Maybe it has something to do with team_id being unable to be used in the join condition? Ideas how to speed this up?
EDIT:
I tried this query:
SELECT "person_dimensions"."dimension"
FROM "person_dimensions"
join users ON users.id = person_dimensions.user_id
WHERE users.id IN (2337,2654,3501,56,4373,1060,3170,97,4629,41,3175,4541,2827)
which contains the id's returned by the subquery:
SELECT id FROM users WHERE team_id = 2
The result was 380ms versus 42s as above.
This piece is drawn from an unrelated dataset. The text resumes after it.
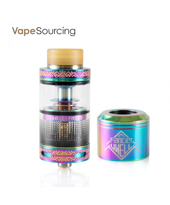 Uwell Fancier RTA/RDA Tank is an innovative tank atomizer from Uwell. You can use it as an RTA or exchange the glass with the top cap and use it as an RDA. With the innovative downward wicking and large refilling slot, Fancier RTA has the fewer dry problem and is much easier to be refilled than before. Also, Uwell Fancier RDA will not have the problem of spitback annoyance with the unique cross plate. There are 4 adjustable bottom airflow holes for the different flavor and vapor. Get the powerful Uwell Fancier RTA/RDA for the best vape. 6 colors available.
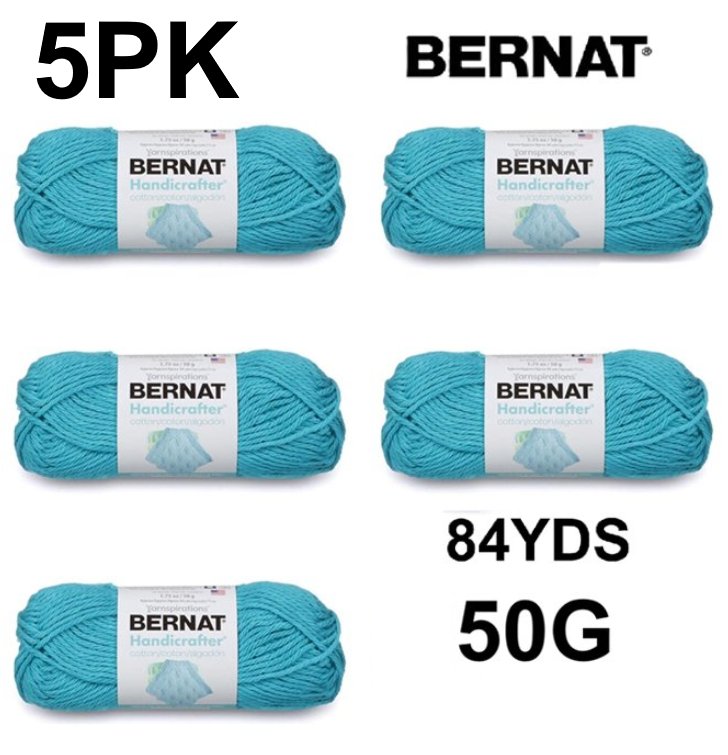 5PK Bernat Handicrafter Cotton (Worsted) Knitting/Crochet - Mod Blue - 80 Yards - 50g/1.75oz 4 Medium

I could use this as a workaround, but I am really curious as to what is going on here...
I rebooted my DB server yesterday, and when it came back up this same query was performing as expected with a completely different query plan that used expected indices:
QUERY PLAN
Hash Join (cost=1135.63..1443.45 rows=84 width=11) (actual time=0.354..6.312 rows=835 loops=1)
Hash Cond: (person_dimensions.user_id = users.id)
-> Seq Scan on person_dimensions (cost=0.00..255.17 rows=13817 width=15) (actual time=0.002..2.764 rows=13902 loops=1)
-> Hash (cost=1132.96..1132.96 rows=214 width=4) (actual time=0.175..0.175 rows=60 loops=1)
Buckets: 1024 Batches: 1 Memory Usage: 11kB
-> Bitmap Heap Scan on users (cost=286.07..1132.96 rows=214 width=4) (actual time=0.032..0.157 rows=60 loops=1)
Recheck Cond: (team_id = 2)
Heap Blocks: exact=68
-> Bitmap Index Scan on index_users_on_team_id (cost=0.00..286.02 rows=214 width=0) (actual time=0.021..0.021 rows=82 loops=1)
Index Cond: (team_id = 2)
Planning time: 0.215 ms
Execution time: 6.474 ms
Anyone have any ideas why it required a reboot to be aware of all of this? Could it be that manual vacuums were required that hadn't been done in a while, or something like this? Recall I did do an analyze on the relevant tables before the reboot and it didn't change anything.